The required copy runs from the first line of the material through the line containing "Vaxduken säljs som", exactly as written and without pictures.

DATA EXCERPT -
──────────────────────────────

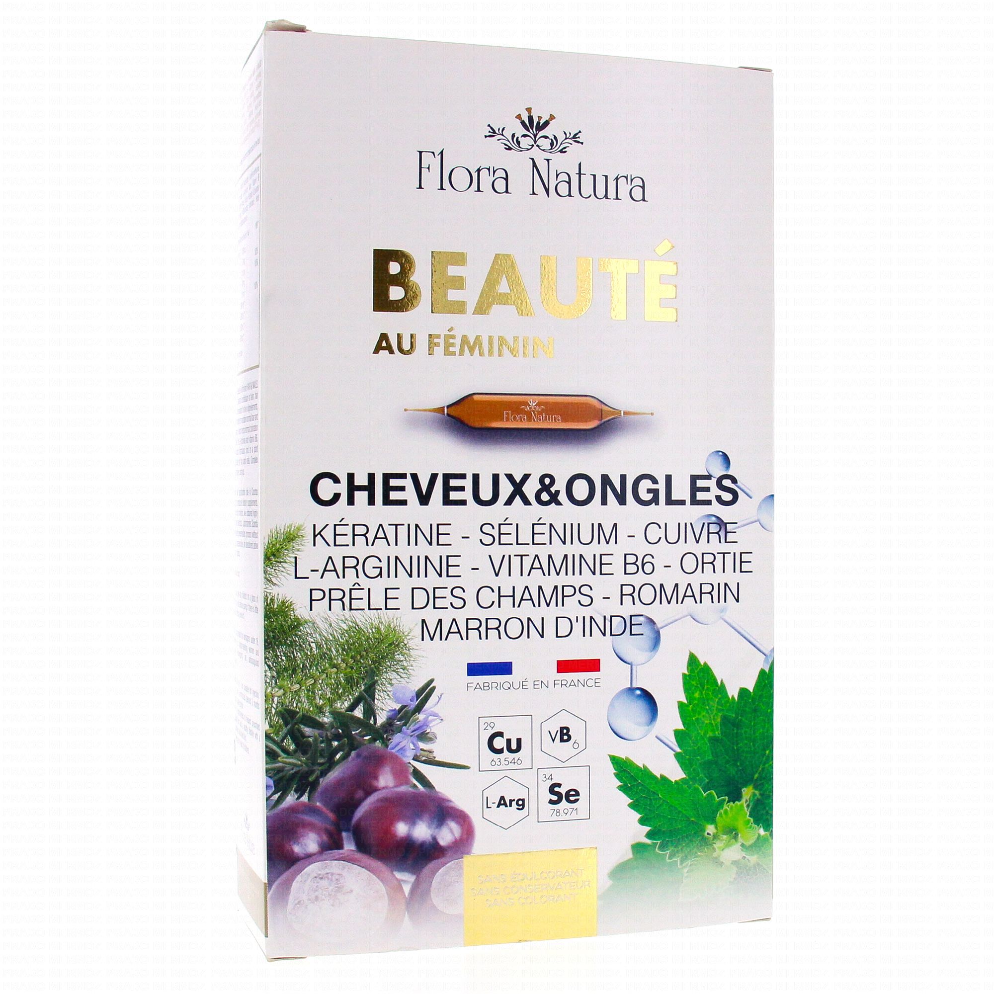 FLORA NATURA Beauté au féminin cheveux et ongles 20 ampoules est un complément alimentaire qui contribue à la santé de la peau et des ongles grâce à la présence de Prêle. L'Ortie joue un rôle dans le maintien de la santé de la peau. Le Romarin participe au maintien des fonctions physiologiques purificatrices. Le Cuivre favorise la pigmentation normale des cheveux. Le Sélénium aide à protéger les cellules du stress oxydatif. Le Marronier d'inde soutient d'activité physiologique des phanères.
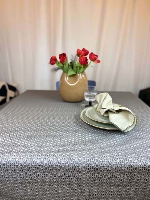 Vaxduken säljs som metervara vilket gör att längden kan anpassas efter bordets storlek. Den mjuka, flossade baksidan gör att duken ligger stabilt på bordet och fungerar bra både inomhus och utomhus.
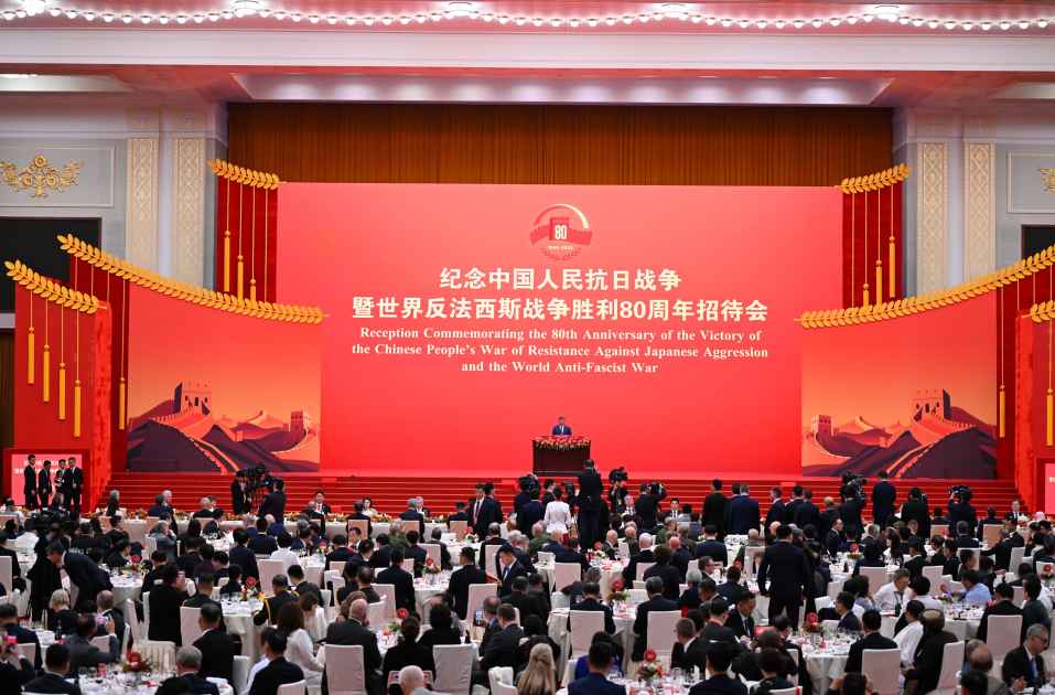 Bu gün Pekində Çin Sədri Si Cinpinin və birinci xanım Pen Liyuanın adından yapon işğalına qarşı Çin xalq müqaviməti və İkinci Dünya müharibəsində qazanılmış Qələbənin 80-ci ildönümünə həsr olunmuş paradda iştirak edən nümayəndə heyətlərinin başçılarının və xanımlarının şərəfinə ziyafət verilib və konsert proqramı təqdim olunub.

──────────────────────────────

EXERCISE OUTPUT -
 FLORA NATURA Beauté au féminin cheveux et ongles 20 ampoules est un complément alimentaire qui contribue à la santé de la peau et des ongles grâce à la présence de Prêle. L'Ortie joue un rôle dans le maintien de la santé de la peau. Le Romarin participe au maintien des fonctions physiologiques purificatrices. Le Cuivre favorise la pigmentation normale des cheveux. Le Sélénium aide à protéger les cellules du stress oxydatif. Le Marronier d'inde soutient d'activité physiologique des phanères.
 Vaxduken säljs som metervara vilket gör att längden kan anpassas efter bordets storlek. Den mjuka, flossade baksidan gör att duken ligger stabilt på bordet och fungerar bra både inomhus och utomhus.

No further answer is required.